Viral encephalitis– acute infectious inflammation of the brain caused by the direct action of the pathogen (primary encephalitis) or an inflammatory reaction that develops in response to the penetration of the virus into the body (secondary encephalitis). The disease is accompanied by lesions of the meninges, spinal cord and peripheral nerves. In the bulk of cases, primary viral encephalitis is an infrequent complication of a generalized viral infection (herpetic, enteroviral, mumps). Secondary encephalitis is traditionally caused by immunological mechanisms (hypersensitivity reaction) and develops 2-12 days after primary viral infection. Etiology. Causative agents – HSV types 1 and 2, Epstein-Barr virus, Herpes zoster virus, influenza virus, adenoviruses, mumps virus, enteroviruses (usually group B Coxsackie viruses), cytomegalovirus, measles virus, rubella virus, BICH, Denge virus, Californian encephalitis virus, Japanese encephalitis B virus, tick-borne encephalitis virus (togavirus), Murray Valley encephalitis virus, arboviruses, rabies virus. Epidemiology. Depending on the biology of the pathogen, the reservoir and carriers are sick people, all kinds of arthropods. The epidemiology of vector-borne infections includes an additional reservoir – animals and birds. Infection of a person occurs by airborne, contact, fecal-oral, sexual routes, transmissively or by eating contaminated milk.
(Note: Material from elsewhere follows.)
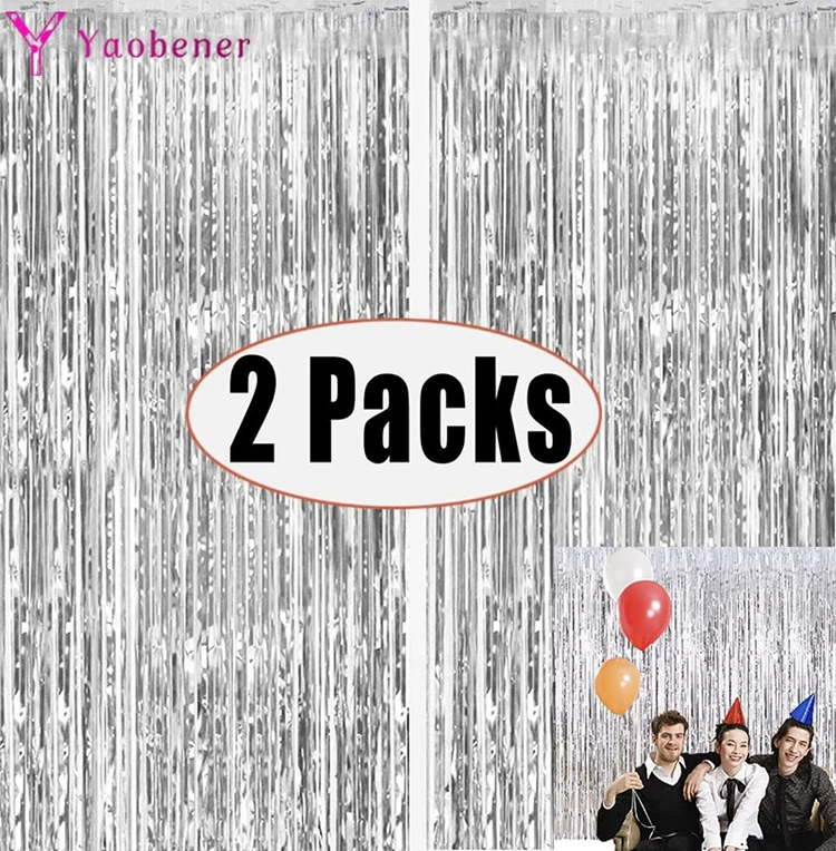 Декоративные занавески с бахромой, металлик, блестки из фольги, 2 упаковки, для дня рождения, свадьбы, девичника, Юбилейный фон

The peak of transmissible encephalitis is spring, summer; the peak of enterovirus infections is the second half of summer. Encephalitis caused by mumps and chicken pox viruses is most often observed in the spring. In most other viral encephalitis, seasonality is not pronounced. Pathomorphology

    • Perivascular inflammation predominates
    • Swelling and degenerative changes in nerve elements
    • Pathological findings vary by etiology
    • In herpetic encephalitis, Cowdry bodies type A are detected.
    • With the defeat of HSV-2, necrosis in the gray and white matter of the brain, mainly in the cortex of the temporal lobes
    • With cytomegalovirus etiology, inflammation and focal necrosis first appear, then fibrosis and calcification. Areas of localization in the brain – ependyma and subependymal zone of the ventricles. Sometimes pathognomonic giant cells with nuclear inclusions (owl’s eye cell) are detected, more often they are found in the epithelial tissue
    • With rabies in the brain, conjunctiva, skin of the base of the neck, Negri bodies are found.

Clinical picture

    • Nonspecific symptoms (malaise, fever, runny nose) may precede the onset of neurological symptoms.
    • Then headache, nausea and vomiting, photophobia, disorders of consciousness (coma), convulsions, focal neurological symptoms join.
    • The progression of the disease is variable (from fulminant to rather slow). Involvement of the meninges is manifested by headache and meningeal symptoms (stiff neck, positive Koernig’s and Brudzynski’s signs).
    • With intrauterine infection, other organs (lungs, liver, kidneys) are not often involved.
    • Symptoms vary depending on the etiology
    • With varicella encephalitis, cerebellar and vestibular disorders are typical: unsteady gait, head trembling, nystagmus, chanted speech, intentional tremor, difficulty performing coordination tests; Symptoms can be unilateral or bilateral
    • In tick-borne, epidemic and HSV-1 encephalitis, the cranial nerves are often involved. Laboratory research
    • In general and biochemical blood tests, no specific changes are detected.
    • CSF examination (lumbar puncture)
    • The number of leukocytes is traditionally increased (0.01-0.1 x 109 / l), but may be normal, especially with impaired immunity; neutrophils predominate in the early stages, then lymphocytes
    • An increase in the number of red blood cells is noted with herpetic encephalitis
    • Protein content is normal or moderately elevated
    • Glucose levels are normal or moderately low
    • Possible CSF opalescence
    • Therapy with glucocorticoid hormones may distort the results of the study of CSF 4 In patients with a decrease in immunity, the results of the CSF study may be within the normal range.

Special Studies

    • EEG
    • Inhibition of the a-rhythm, the presence of slow & and 5-waves, sharp peak-waves of the fast range
    • Long periods of winding are unfavorable
    • Periodic epileptiform discharges in the temporal lobes – an indirect sign of herpetic encephalitis
    • Specific diagnosis of most viral encephalitis is the determination of the level of AT in serum to a specific Ag. The study is carried out in the acute period and the period of convalescence (after 2-3 weeks). An increase in AT titer by 4 times or more has diagnostic value.
    • Determination of the AT index in

CSF is performed to confirm the infectious etiology of encephalitis. The content of immunoglobulins and albumin in CSF and blood serum is determined. The infectious genesis of the disease is indicated by a higher globulin/albumin ratio in CSF than in serum.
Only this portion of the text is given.